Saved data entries
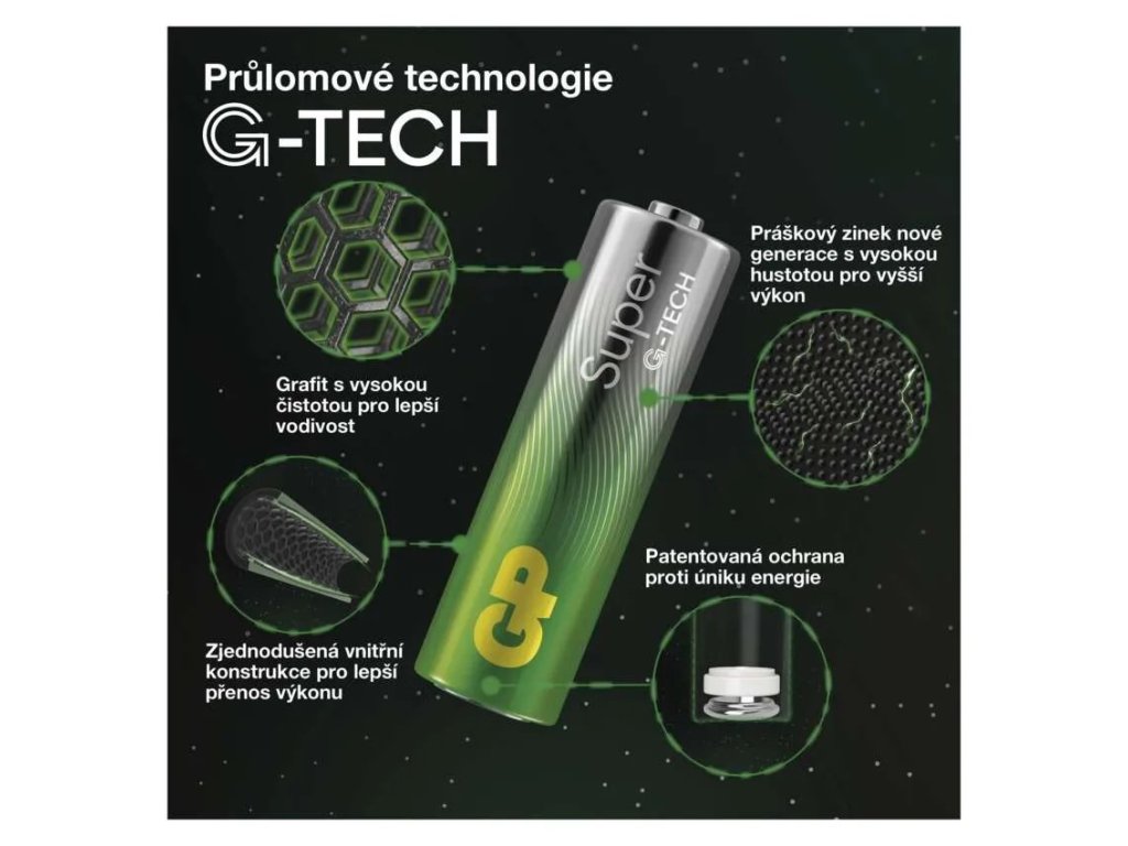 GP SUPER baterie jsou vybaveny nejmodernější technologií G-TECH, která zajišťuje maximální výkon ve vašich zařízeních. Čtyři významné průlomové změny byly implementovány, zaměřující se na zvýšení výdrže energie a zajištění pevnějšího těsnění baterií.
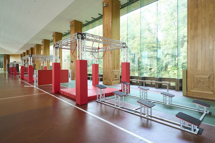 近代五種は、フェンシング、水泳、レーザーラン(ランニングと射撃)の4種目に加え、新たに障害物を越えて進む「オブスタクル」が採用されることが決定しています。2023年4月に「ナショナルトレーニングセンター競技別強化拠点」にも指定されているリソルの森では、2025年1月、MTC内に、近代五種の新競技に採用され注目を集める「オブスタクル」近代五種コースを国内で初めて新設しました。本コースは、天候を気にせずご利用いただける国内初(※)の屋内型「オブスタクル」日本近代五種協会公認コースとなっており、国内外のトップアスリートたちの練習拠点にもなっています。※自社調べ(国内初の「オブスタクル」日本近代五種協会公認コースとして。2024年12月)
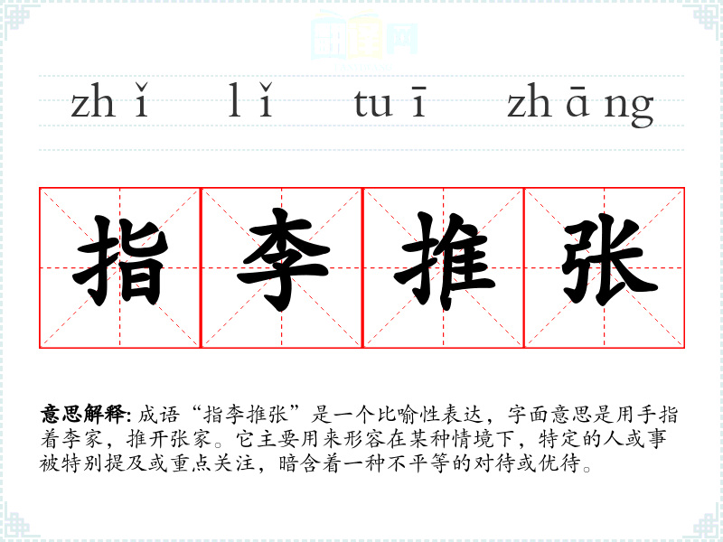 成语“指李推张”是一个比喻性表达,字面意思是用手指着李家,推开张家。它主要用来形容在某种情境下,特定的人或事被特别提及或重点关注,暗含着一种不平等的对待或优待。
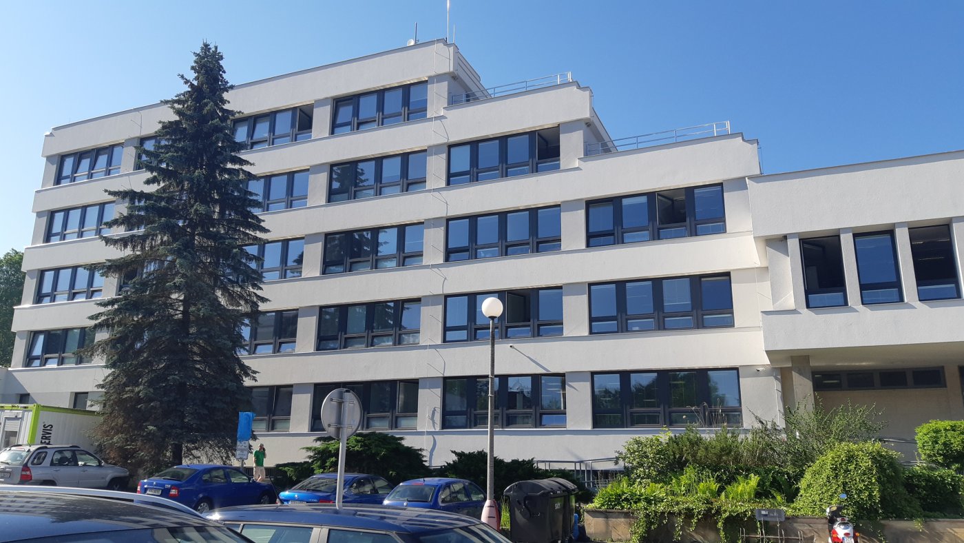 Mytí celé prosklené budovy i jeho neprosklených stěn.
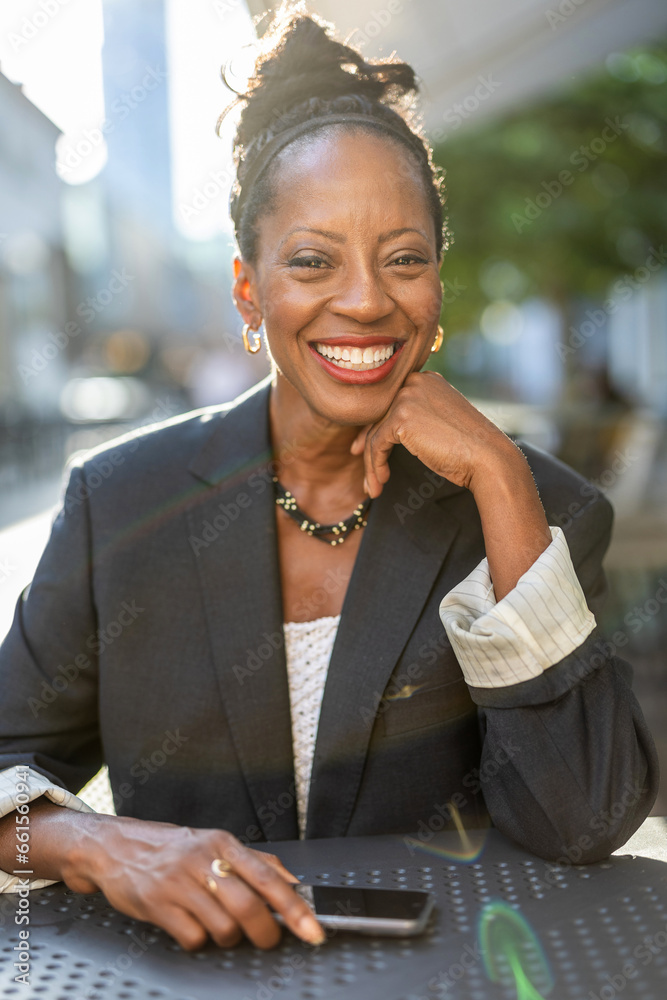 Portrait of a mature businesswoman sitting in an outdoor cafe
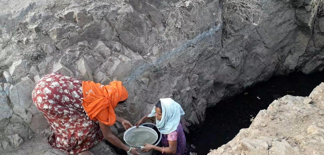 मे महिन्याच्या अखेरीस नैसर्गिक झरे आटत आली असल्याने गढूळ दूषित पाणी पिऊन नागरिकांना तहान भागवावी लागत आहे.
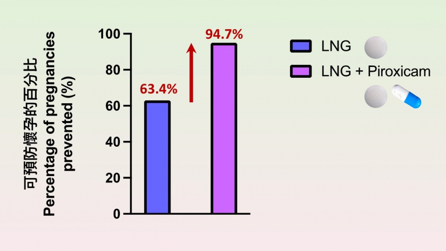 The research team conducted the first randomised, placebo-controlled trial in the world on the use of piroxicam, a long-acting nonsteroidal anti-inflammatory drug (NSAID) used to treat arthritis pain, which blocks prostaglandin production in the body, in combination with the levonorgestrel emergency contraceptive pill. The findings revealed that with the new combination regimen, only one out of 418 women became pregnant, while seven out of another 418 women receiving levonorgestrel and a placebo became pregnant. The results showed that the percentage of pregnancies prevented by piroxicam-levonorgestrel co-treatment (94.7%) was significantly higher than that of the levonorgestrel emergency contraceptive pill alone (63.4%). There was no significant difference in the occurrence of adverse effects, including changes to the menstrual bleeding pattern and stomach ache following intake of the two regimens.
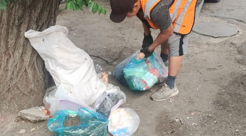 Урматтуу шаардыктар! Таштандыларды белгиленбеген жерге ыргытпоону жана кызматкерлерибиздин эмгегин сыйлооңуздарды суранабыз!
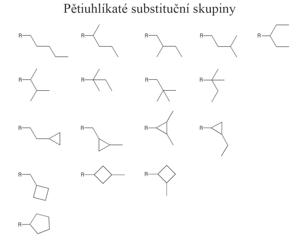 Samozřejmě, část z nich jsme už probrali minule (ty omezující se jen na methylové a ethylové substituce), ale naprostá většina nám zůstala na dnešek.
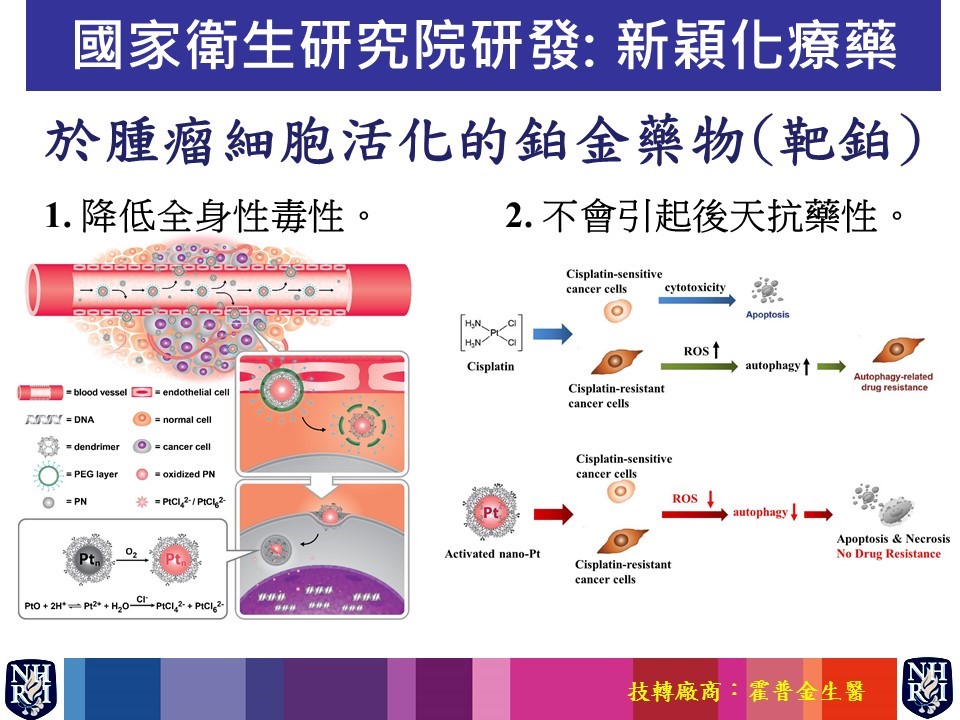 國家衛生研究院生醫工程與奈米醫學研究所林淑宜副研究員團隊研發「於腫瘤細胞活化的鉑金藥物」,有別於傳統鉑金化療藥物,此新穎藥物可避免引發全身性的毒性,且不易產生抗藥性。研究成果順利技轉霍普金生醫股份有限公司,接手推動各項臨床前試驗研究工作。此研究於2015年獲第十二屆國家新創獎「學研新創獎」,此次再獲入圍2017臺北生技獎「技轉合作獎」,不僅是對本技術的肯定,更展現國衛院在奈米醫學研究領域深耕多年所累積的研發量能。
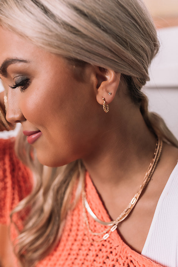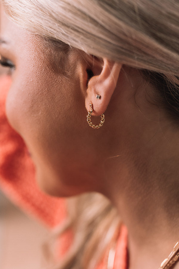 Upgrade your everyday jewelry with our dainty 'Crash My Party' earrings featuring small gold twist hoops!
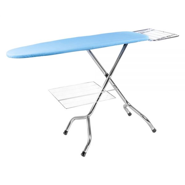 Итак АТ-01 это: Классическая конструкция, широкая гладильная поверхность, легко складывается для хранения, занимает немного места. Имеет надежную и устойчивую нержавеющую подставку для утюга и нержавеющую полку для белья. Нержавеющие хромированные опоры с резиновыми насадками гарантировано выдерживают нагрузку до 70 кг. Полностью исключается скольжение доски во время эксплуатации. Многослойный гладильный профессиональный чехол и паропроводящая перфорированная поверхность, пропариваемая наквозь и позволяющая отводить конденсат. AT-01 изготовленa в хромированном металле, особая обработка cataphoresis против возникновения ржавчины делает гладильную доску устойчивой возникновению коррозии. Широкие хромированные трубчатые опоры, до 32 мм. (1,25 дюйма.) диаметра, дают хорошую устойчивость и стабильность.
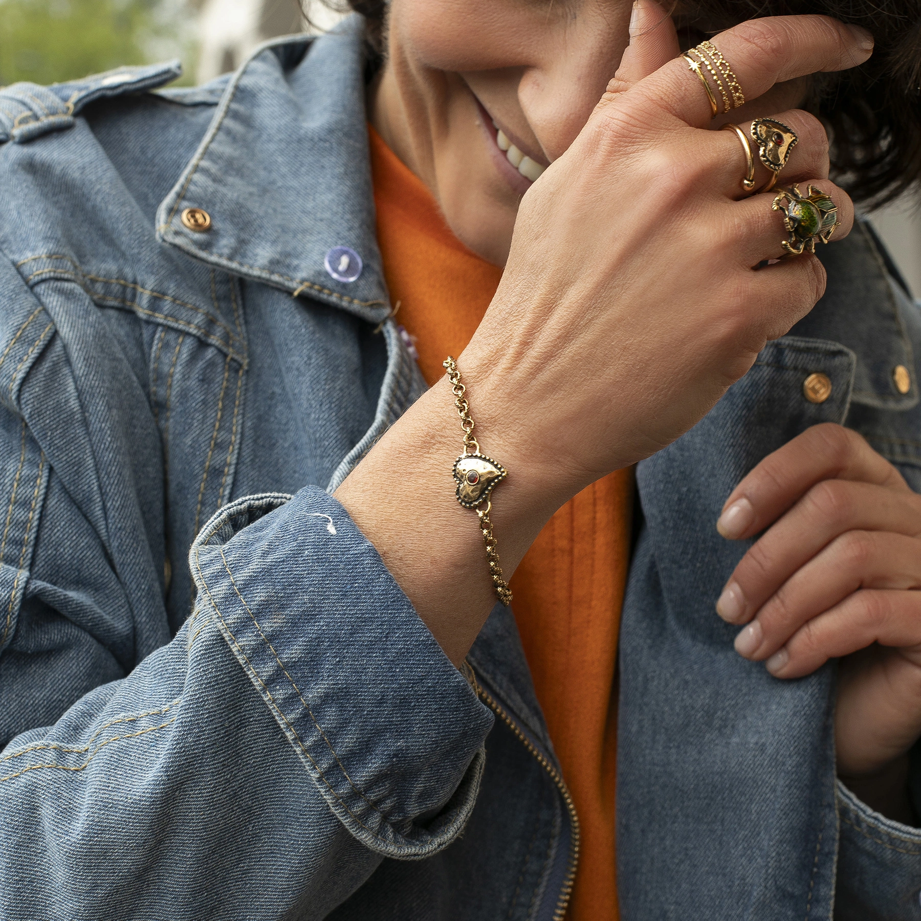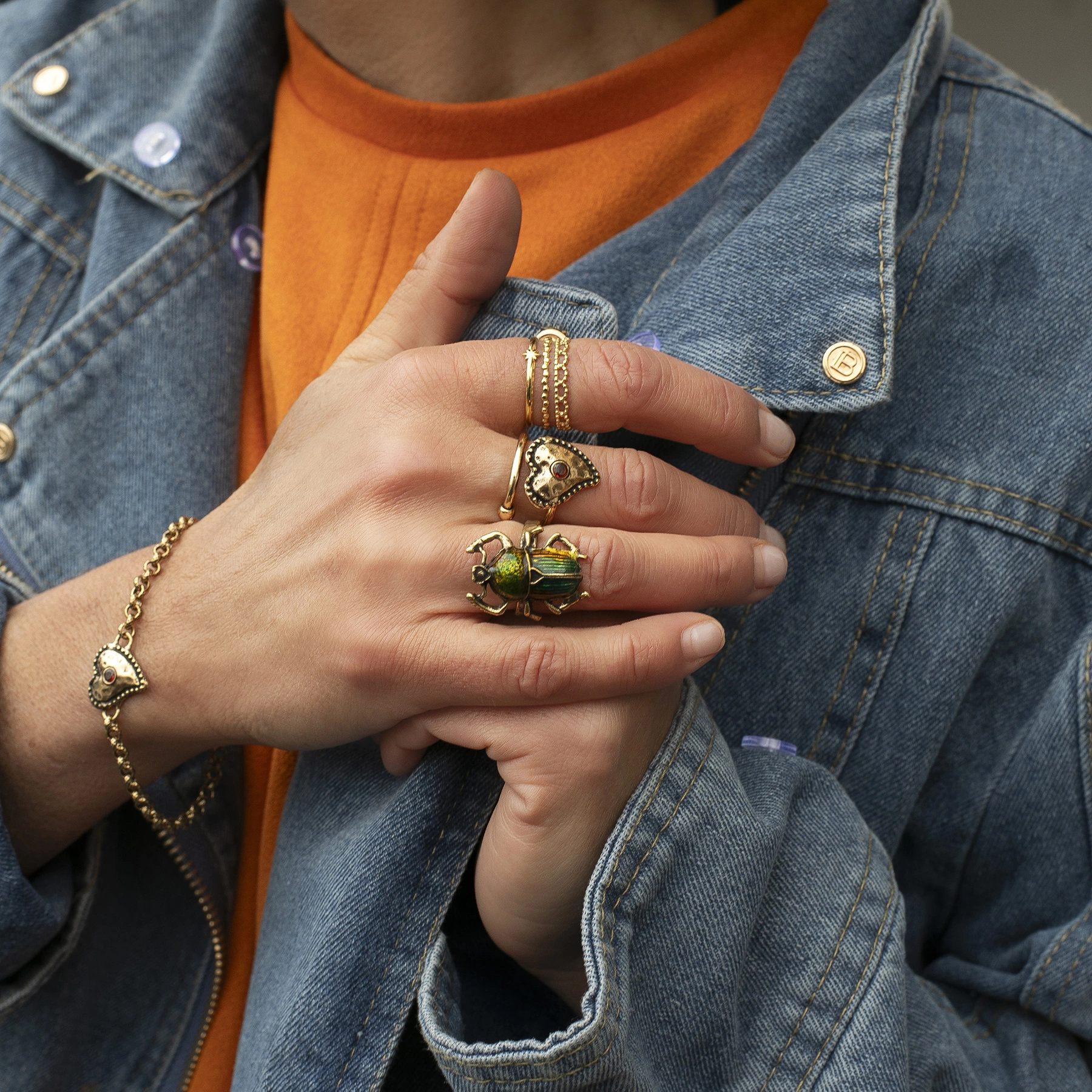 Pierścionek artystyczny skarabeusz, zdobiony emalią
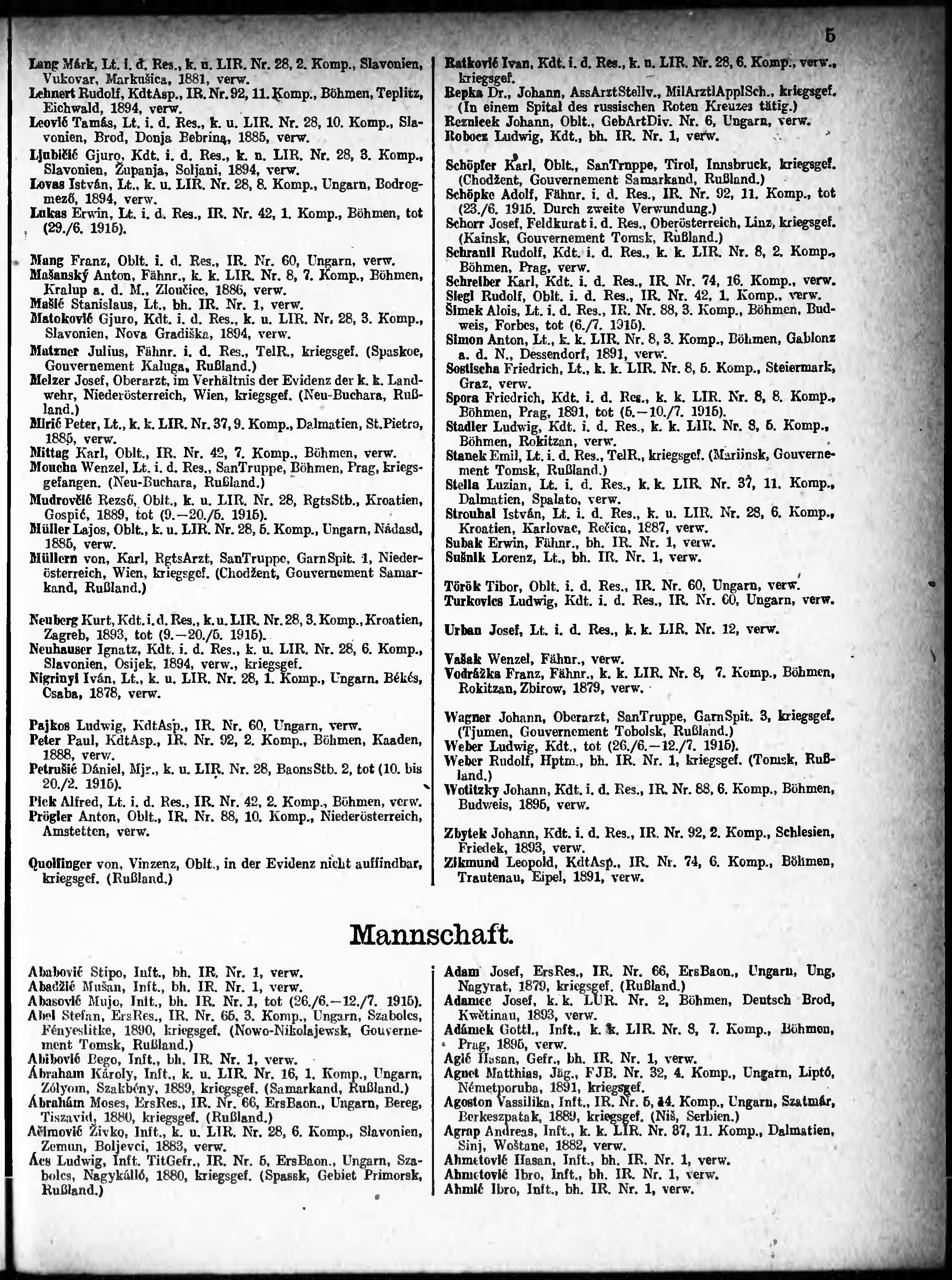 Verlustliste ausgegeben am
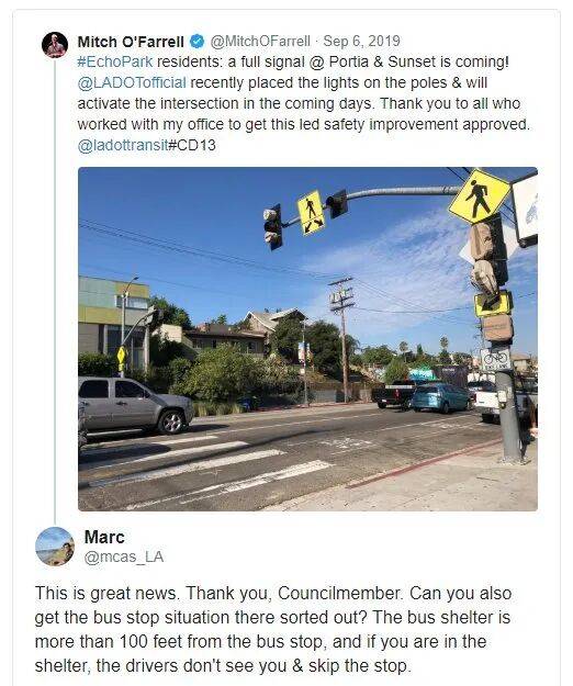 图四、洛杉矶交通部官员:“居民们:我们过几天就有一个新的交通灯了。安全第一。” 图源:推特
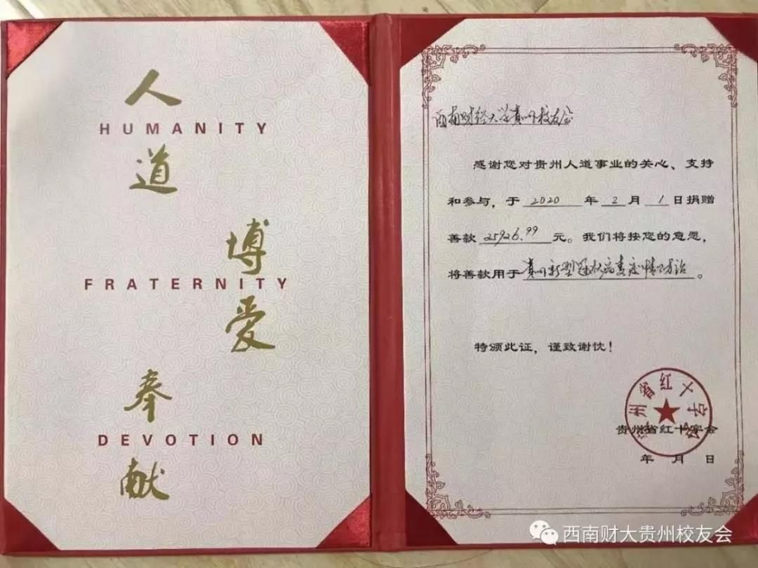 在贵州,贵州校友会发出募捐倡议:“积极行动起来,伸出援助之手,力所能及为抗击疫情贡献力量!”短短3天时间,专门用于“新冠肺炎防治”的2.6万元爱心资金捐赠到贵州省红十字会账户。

= REQUIREMENT =
All entries should be restated word for word; no images belong in the copy.

= SOLUTION =
 GP SUPER baterie jsou vybaveny nejmodernější technologií G-TECH, která zajišťuje maximální výkon ve vašich zařízeních. Čtyři významné průlomové změny byly implementovány, zaměřující se na zvýšení výdrže energie a zajištění pevnějšího těsnění baterií.
 近代五種は、フェンシング、水泳、レーザーラン(ランニングと射撃)の4種目に加え、新たに障害物を越えて進む「オブスタクル」が採用されることが決定しています。2023年4月に「ナショナルトレーニングセンター競技別強化拠点」にも指定されているリソルの森では、2025年1月、MTC内に、近代五種の新競技に採用され注目を集める「オブスタクル」近代五種コースを国内で初めて新設しました。本コースは、天候を気にせずご利用いただける国内初(※)の屋内型「オブスタクル」日本近代五種協会公認コースとなっており、国内外のトップアスリートたちの練習拠点にもなっています。※自社調べ(国内初の「オブスタクル」日本近代五種協会公認コースとして。2024年12月)
 成语“指李推张”是一个比喻性表达,字面意思是用手指着李家,推开张家。它主要用来形容在某种情境下,特定的人或事被特别提及或重点关注,暗含着一种不平等的对待或优待。
 Mytí celé prosklené budovy i jeho neprosklených stěn.
 Portrait of a mature businesswoman sitting in an outdoor cafe
 मे महिन्याच्या अखेरीस नैसर्गिक झरे आटत आली असल्याने गढूळ दूषित पाणी पिऊन नागरिकांना तहान भागवावी लागत आहे.
 The research team conducted the first randomised, placebo-controlled trial in the world on the use of piroxicam, a long-acting nonsteroidal anti-inflammatory drug (NSAID) used to treat arthritis pain, which blocks prostaglandin production in the body, in combination with the levonorgestrel emergency contraceptive pill. The findings revealed that with the new combination regimen, only one out of 418 women became pregnant, while seven out of another 418 women receiving levonorgestrel and a placebo became pregnant. The results showed that the percentage of pregnancies prevented by piroxicam-levonorgestrel co-treatment (94.7%) was significantly higher than that of the levonorgestrel emergency contraceptive pill alone (63.4%). There was no significant difference in the occurrence of adverse effects, including changes to the menstrual bleeding pattern and stomach ache following intake of the two regimens.
 Урматтуу шаардыктар! Таштандыларды белгиленбеген жерге ыргытпоону жана кызматкерлерибиздин эмгегин сыйлооңуздарды суранабыз!
 Samozřejmě, část z nich jsme už probrali minule (ty omezující se jen na methylové a ethylové substituce), ale naprostá většina nám zůstala na dnešek.
 國家衛生研究院生醫工程與奈米醫學研究所林淑宜副研究員團隊研發「於腫瘤細胞活化的鉑金藥物」,有別於傳統鉑金化療藥物,此新穎藥物可避免引發全身性的毒性,且不易產生抗藥性。研究成果順利技轉霍普金生醫股份有限公司,接手推動各項臨床前試驗研究工作。此研究於2015年獲第十二屆國家新創獎「學研新創獎」,此次再獲入圍2017臺北生技獎「技轉合作獎」,不僅是對本技術的肯定,更展現國衛院在奈米醫學研究領域深耕多年所累積的研發量能。
 Upgrade your everyday jewelry with our dainty 'Crash My Party' earrings featuring small gold twist hoops!
 Итак АТ-01 это: Классическая конструкция, широкая гладильная поверхность, легко складывается для хранения, занимает немного места. Имеет надежную и устойчивую нержавеющую подставку для утюга и нержавеющую полку для белья. Нержавеющие хромированные опоры с резиновыми насадками гарантировано выдерживают нагрузку до 70 кг. Полностью исключается скольжение доски во время эксплуатации. Многослойный гладильный профессиональный чехол и паропроводящая перфорированная поверхность, пропариваемая наквозь и позволяющая отводить конденсат. AT-01 изготовленa в хромированном металле, особая обработка cataphoresis против возникновения ржавчины делает гладильную доску устойчивой возникновению коррозии. Широкие хромированные трубчатые опоры, до 32 мм. (1,25 дюйма.) диаметра, дают хорошую устойчивость и стабильность.
 Pierścionek artystyczny skarabeusz, zdobiony emalią
 Verlustliste ausgegeben am
 图四、洛杉矶交通部官员:“居民们:我们过几天就有一个新的交通灯了。安全第一。” 图源:推特
 在贵州,贵州校友会发出募捐倡议:“积极行动起来,伸出援助之手,力所能及为抗击疫情贡献力量!”短短3天时间,专门用于“新冠肺炎防治”的2.6万元爱心资金捐赠到贵州省红十字会账户。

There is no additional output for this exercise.